我在下面的查询中可以在 SQL DEVELOPER 上正常运行:
SELECT C.CIS_DIVISION, C.EFFDT AS START_DT, LEAD(EFFDT, 1) OVER(PARTITION BY CIS_DIVISION, CHAR_TYPE_CD ORDER BY CIS_DIVISION, CHAR_TYPE_CD, EFFDT) - 1 AS END_DT , C.CHAR_VAL, C.CHAR_TYPE_CD FROM CI_CIS_DIV_CHAR C WHERE C.CHAR_TYPE_CD in ('C1-TFMPD','C1-TFMCR') ORDER BY CIS_DIVISION,CHAR_TYPE_CD, EFFDT
SQL开发人员中的输出:
CIS_DIVISION START_DT END_DT CHAR_VAL CHAR_TYPE_CD
747 01-Jan-10 (null) BATCH_DT C1-TFMPD
CAL 01-Jan-16 (null) BATCH_DT C1-TFMPD
NYC 01-Jan-90 (null) BATCH_DT C1-TFMPD
PERF1 01-Jan-01 (null) BATCH_DT C1-TFMPD
PERF2 01-Jan-01 (null) BATCH_DT C1-TFMPD
PERF3 01-Jan-01 (null) BATCH_DT C1-TFMPD
但是当使用eclipse在spark中运行时,相同的查询会给出错误:
代码
private static final String DIVISIONCHARS_QUERY = "SELECT C.CIS_DIVISION, "
+ "C.EFFDT AS START_DT, "
+"LEAD(EFFDT, 1) OVER(PARTITION BY CIS_DIVISION, "

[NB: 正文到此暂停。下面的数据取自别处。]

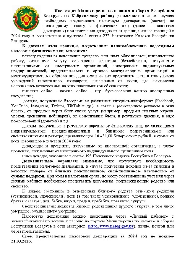 Инспекция Министерства по налогам и сборам Республики Беларусь по Кобринскому району информирует о необходимости представления налоговой декларации (расчета) по подоходному налогу с физических лиц, в связи сполучением в 2024 году доходов за границей или из-за границы
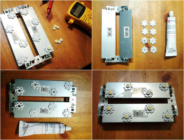 3. pegar los LEDs. en primer lugar usted puede sacar las barras de luz para facilitar el acceso. con cuidado diseño de los LEDs en la dirección de la serie, colocación de una barra a la siguiente y luego salir hacia el conductor. Asegúrese de esperar hasta que el pegamento se seque. mientras espera, usted puede asegurar el interruptor y el conductor en este punto y medida/cortar cable longitud, dividir los extremos - preparándose para soldar. también debe probar cada LED si trabajan antes de pegarlas sobre el marco.
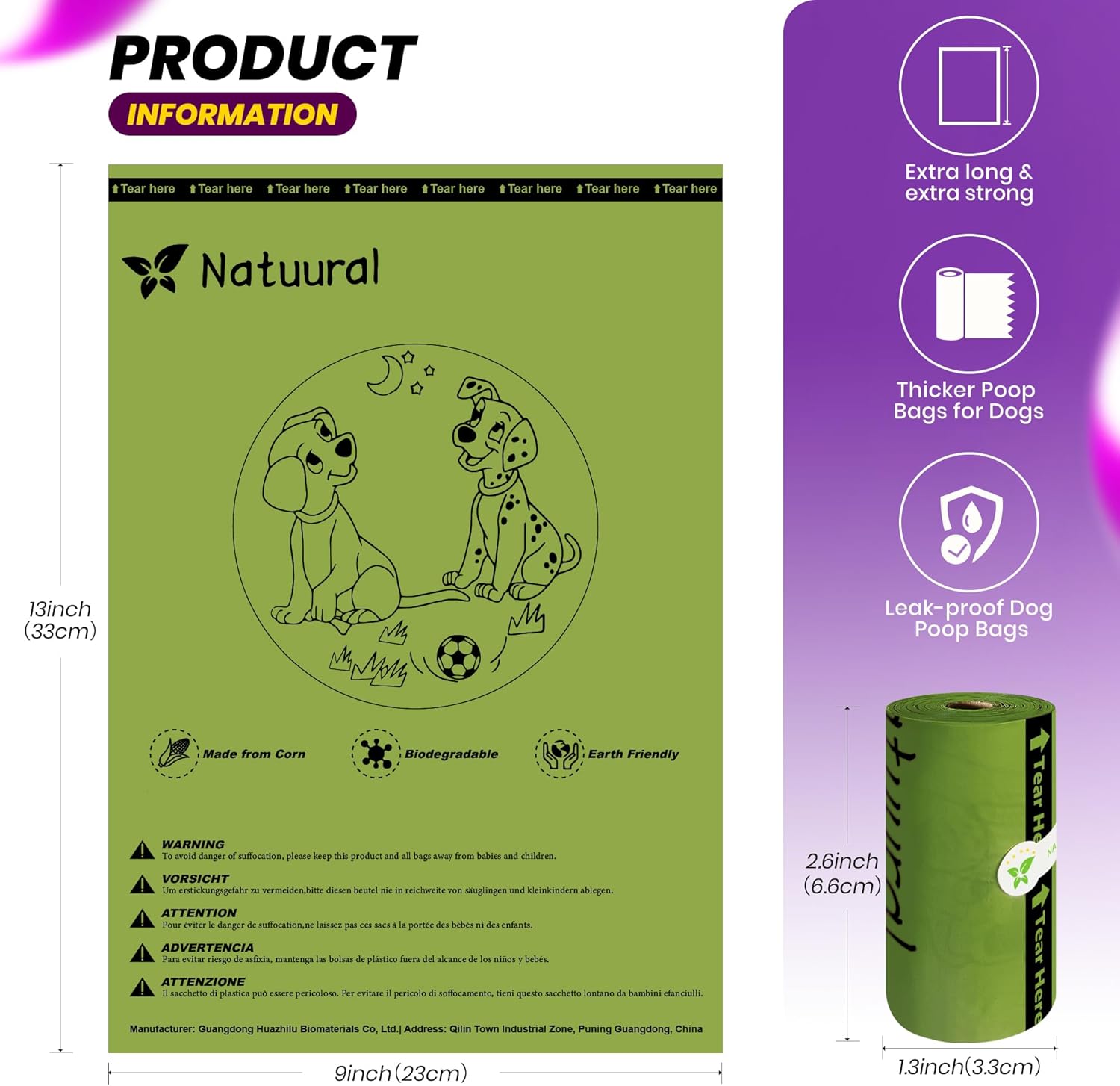 - Green & Strong: These biodegradable poop bags are designed from cornstarch materials, leakproof and tear resistant, that effectively locks in odors.

+"CHAR_TYPE_CD ORDER BY CIS_DIVISION, "
+"CHAR_TYPE_CD, EFFDT) - 1 AS END_DT , "
+"C.CHAR_VAL, "
+"C.CHAR_TYPE_CD "
+"FROM CI_CIS_DIV_CHAR C "
+"WHERE C.CHAR_TYPE_CD in ('C1-TFMPD','C1-TFMCR') ORDER BY CIS_DIVISION,CHAR_TYPE_CD, EFFDT";
Dataset<Row> divChartable = sparkSession.read().format("jdbc").option("url",connection ).option("dbtable", "CI_CIS_DIV_CHAR").load();
divChartable.registerTempTable("CI_CIS_DIV_CHAR");
Dataset<Row> divCharsDS = sparkSession.sql(DIVISIONCHARS_QUERY);
由于我在查询中使用 CI_CIS_DIV_CHAR 表,因此我首先为其创建了临时表,否则将导致找不到表错误。
运行上面的代码时,它给出以下错误:
Exception in thread "main" org.apache.spark.sql.AnalysisException:
cannot resolve '(lead(C.`EFFDT`, 1, NULL) OVER (PARTITION BY C.`CIS_DIVISION`, C.`CHAR_TYPE_CD` ORDER BY C.`CIS_DIVISION` ASC NULLS FIRST, C.`CHAR_TYPE_CD` ASC NULLS FIRST, C.`EFFDT` ASC NULLS
FIRST ROWS BETWEEN 1 FOLLOWING AND 1 FOLLOWING) - 1)' due to data type mismatch: differing types in '(lead(C.`EFFDT`, 1, NULL) OVER (PARTITION BY C.`CIS_DIVISION`, C.`CHAR_TYPE_CD` ORDER BY C.`CIS_DIVISION`
ASC NULLS FIRST, C.`CHAR_TYPE_CD` ASC NULLS FIRST, C.`EFFDT` ASC NULLS FIRST ROWS BETWEEN 1 FOLLOWING AND 1 FOLLOWING) - 1)' (timestamp and int).; line 1 pos 44;
'Sort ['CIS_DIVISION ASC NULLS FIRST, 'CHAR_TYPE_CD ASC NULLS FIRST, 'EFFDT ASC NULLS FIRST], true
+- 'Project [CIS_DIVISION#1424, EFFDT#1426 AS START_DT#1448, (lead(EFFDT#1426, 1, null) windowspecdefinition(CIS_DIVISION#1424, CHAR_TYPE_CD#1425, CIS_DIVISION#1424 ASC NULLS FIRST, CHAR_TYPE_CD#1425 ASC NULLS FIRST,
EFFDT#1426 ASC NULLS FIRST, specifiedwindowframe(RowFrame, 1, 1)) - 1) AS END_DT#1449, CHAR_VAL#1427, CHAR_TYPE_CD#1425]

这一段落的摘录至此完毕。